Seeking money complete trails

Matt Zalaznick

Cross-country hiking trails that can’t be completed because their paths run through private land may receive a helpful push from a bill working its way through Congress.

Colorado Sen. Wayne Allard’s “Willing Sellers Trails Bill,” which has passed the U.S. Senate, would allow the federal government to buy private land and finish routes such as the Continental Divide Trail, which runs through the Holy Cross Wilderness and Camp Hale on its way from Canada to the Mexican border.

“For the success of trails and the benefit of people who enjoy the outdoors, this is a really significant bill,” says Gary Werner, executive director of the Partnership for the National Trail System. “These are several of the key national and scenic trails.”

The Madison, Wisc.-based organization is an alliance of 25 nonprofit groups that work with various federals agencies to sustain national scenic and historic trails, Werner says.

Allard’s bill could lead to the completion of nine trails around the country that are currently blocked by private land, including:

– North Country National Scenic Trail, from New York to North Dakota.

– Ice Age National Scenic Trail, in Wisconsin.

– Potomac Heritage Trail, which ends in Washington D.C.

– Iditarod Historic Trail, in Alaska.

– Lewis and Clark Trail, in Oregon.

“The Senate’s passage of the Willing Sellers Act is a huge victory for thousands of citizens who have devoted their time and effort toward developing a trails system throughout the entire country,” says Allard, a second-term Republican.

Previous attempts at expanding the federal government’s authority to buy private land for trails have failed, Allard says.

“Both House and Senate members have introduced various forms of this bill for nearly a decade,” Allard says. “My bill, introduced in March of this year, marks the first time the legislation has been passed by the Senate.”

Allard’s spokesman, John Wood, says the bill will restore “equity” to the nine trails.

“It’s just a common-sense bill,” Wood says. “When initially built, the trails were only allowed to use existing federal land. What this bill is doing is restoring equity to allow the nine trails to be completed.”

Most of the nation’s scenic and historic trails use land owned by agencies, such as the U.S. Forest Service Service, the National Park Service and the Bureau of Land Management. But only 120 miles of the 3,100-mile Continental Divide Trail would cross privately owned land, Werner says.

Some of those problematic stretches of trail are in northern and southern Colorado.

“It’s critical that the federal agencies that administer and manage these trails have the authority to use public money to buy land from willing sellers when it becomes available,” Werner says. “There’s no way to have continuous rights-of-way for hikers to follow if the government doesn’t have the ability to buy land when people are selling it.”

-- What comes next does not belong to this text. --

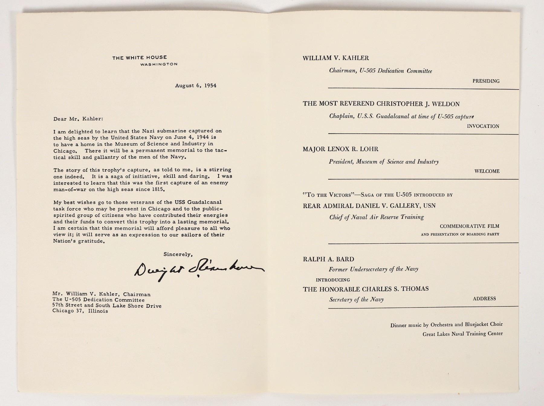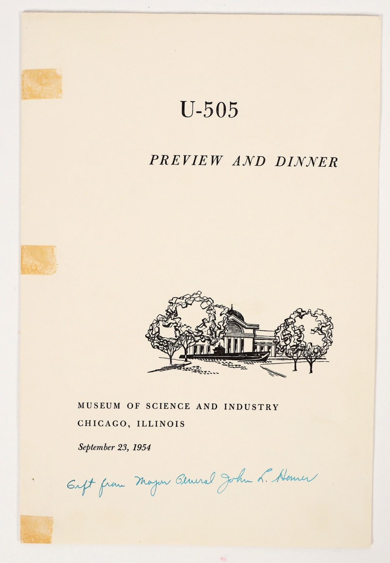 Museum letter discussing the 1st display of a captured Nazi submarine, gifted from a high ranking member of the US military. A U-505 was sent to Museum of Science and Industry, Chicago, IL for permanent display. Unfolds to a full measurement of 12x18", each individual "page" measures 6x9", meant to be read like a menu. Very good condition, no apparent foxing, tearing, or toning besides for 3 possible adhesive residue marks about .75" long and .5" thick on the cover. See photo.

Volunteers are continuing to work on the Continental Divide Trail, which runs though five states, 25 national forests, 13 wildernesses, three national parks and one national monument. Crews have finished approximately 70 percent of the trail, which was designated by Congress in 1978.

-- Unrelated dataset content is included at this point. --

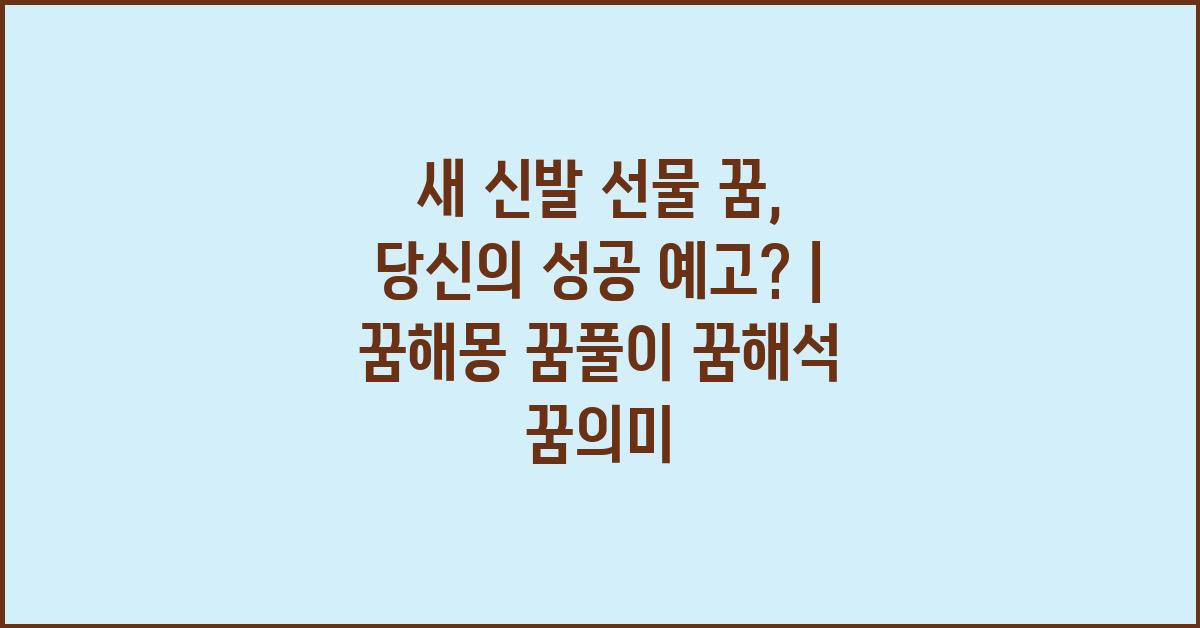 새 신발 선물 꿈, 행복한 미래를 예고? 바로 이런 질문을 던지게 하는 부분입니다. 이 꿈을 계기로 여러분도 새로운 변화를 맞이해볼 준비가 되어 있기를 바랍니다. 변화는 때로 두려울 수 있지만, 자신의 잠재력을 믿고 한 발 내딛는 것이 중요합니다. 꿈이 주는 신호를 잘 읽어 나가면 여러분의 삶에 큰 변화를 가져올 수 있을 것입니다.

The volunteer work is organized by the Continental Divide Trail Alliance and the Colorado Trail Foundation.

The Continental Divide Trail is part of a trio of mountainous north-south trails that avid hikers have made it their goal to complete. The other two are the Pacific Crest Trail on the West Coast and the popular Appalachian Trail on the East Coast.

“Obviously, if you want to have a continuous route for someone to follow you’re going to have to have just that – a continuous right of way to protect the continuity of the trail corridor,” says Werner.

Werner calls Allard’s bill “wonderful” and praises the senator for not limiting his bill to trails that run through Colorado.

“To me, it’s generous on the part of Sen. Allard,” Werner says. “It’s a very far-sighted and public-spirited thing for him to do.”